Write-Warning "Check file, FROM: $($line.original)"
Write-Warning "Check file, TO : $($line.destination)"
}
$arguments = "-d", "-f", "`"$($line.destination)`""
try
{
start-process -FilePath $command -ArgumentList $arguments -RedirectStandardOutput stdout.txt -RedirectStandardError stderr.txt -WindowStyle Hidden
}
catch [System.ArgumentException]
{
Write-Warning "ERROR: Could not unzip"
Write-Warning "Check file, FROM: $($line.original)"
Write-Warning "Check file, TO : $($line.destination)"
}
} Else {
Write-Warning "ERROR: File not found, line $c"
Write-Warning "Check file, FROM: $($line.original)"
Write-Warning "Check file, TO : $($line.destination)"
}
}
}
At about line 220,000 or so of the 3 million, I get a few errors which I'm attributing to RAM, but which also might not be, google hasn't helped me work these out so far so I'm wondering if it's a memory leak in the script (even though the powershell process doesn't grow over time).

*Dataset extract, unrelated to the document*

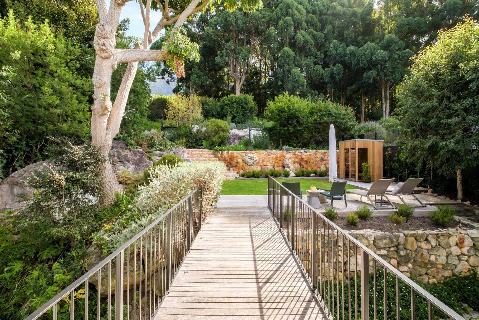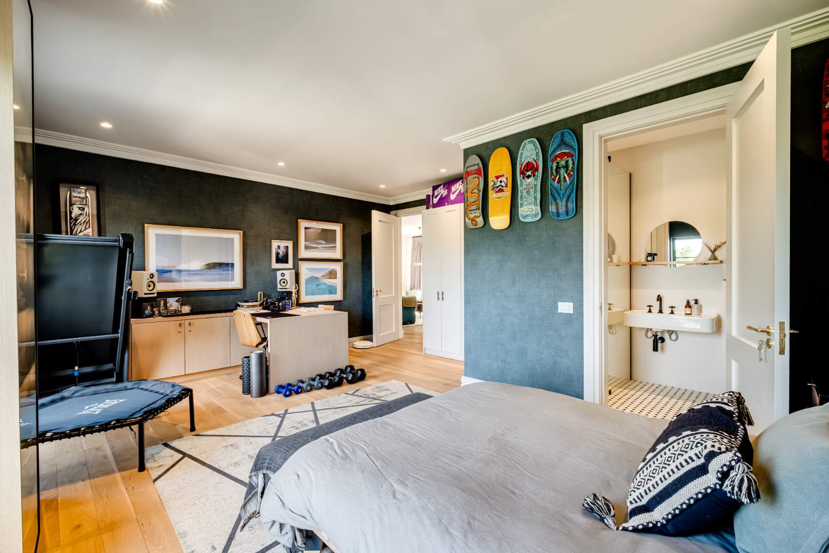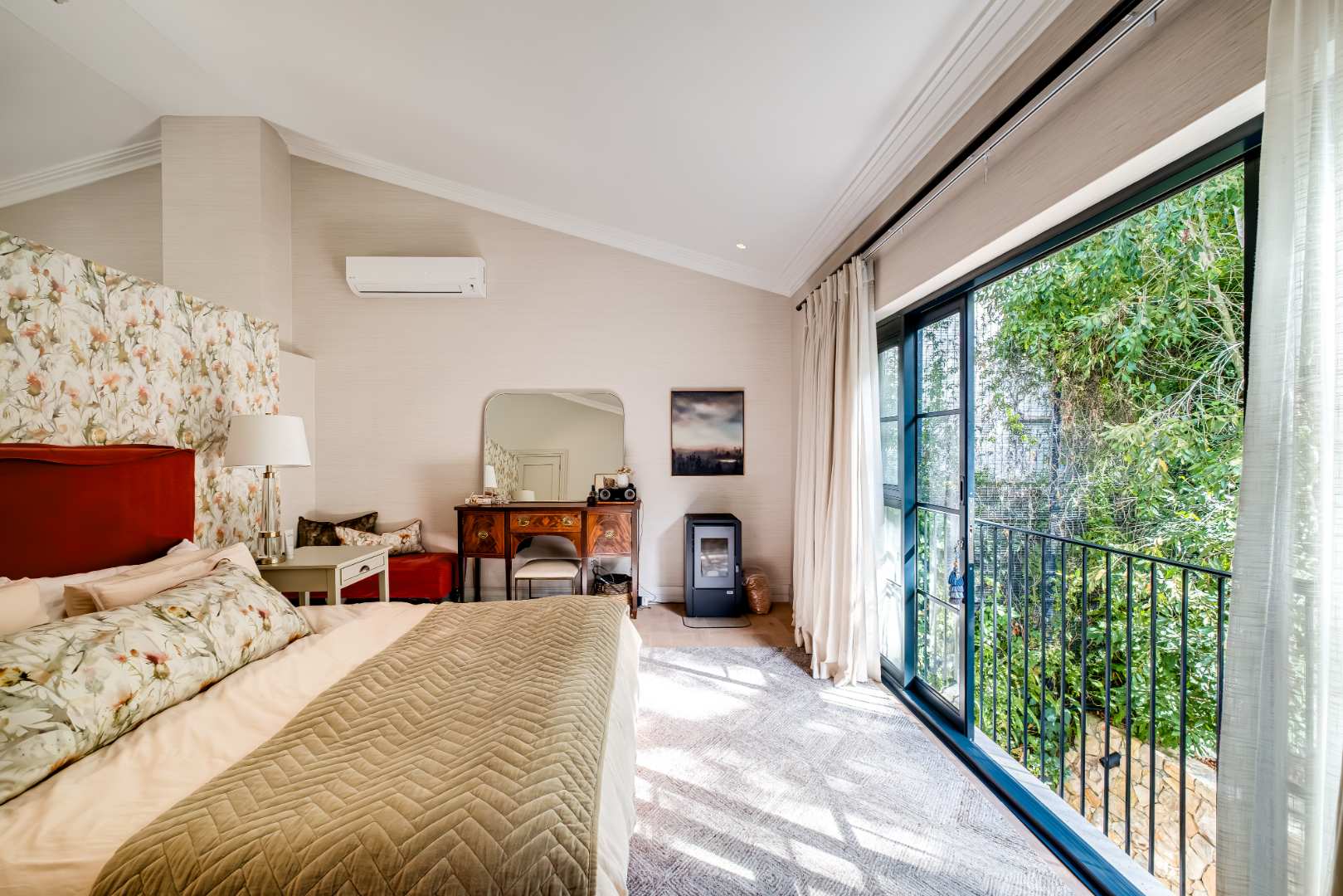 Offering 4 generously sized bedrooms all with private Victorian bathrooms, all fitted with solid oak flooring, specifically selected textured or pattered wallpaper, as well as personalised fixtures that suit the style or theme of each individual room. 3 of these bedrooms exist on the second floor with a central study landing at the top of the stairs, and a spotless pyjama lounge flowing seamlessly over the bridge to the west facing garden, sun-lounger deck, brand new sauna and extensive forest garden. The master suite with a pure nature outlook from your very own bed over the Juliette balcony also offers a lavish dressing room, an electric pellet fireplace, marble bathroom tiles, heated towel rails and chrome faucets. The 4th guest bedroom is located downstairs with doors flowing outside, a marble vanity, electric towel rails and aesthetic wood panelling effortlessly dividing the space.

Write-Host : The Win32 internal error "Insufficient quota to complete the requested
service" 0x5AD occurred while getting console output buffer information. Contact
Microsoft Customer Support Services.
start-process : This command cannot be run due to the error: Only part of a
ReadProcessMemory or WriteProcessMemory request was completed.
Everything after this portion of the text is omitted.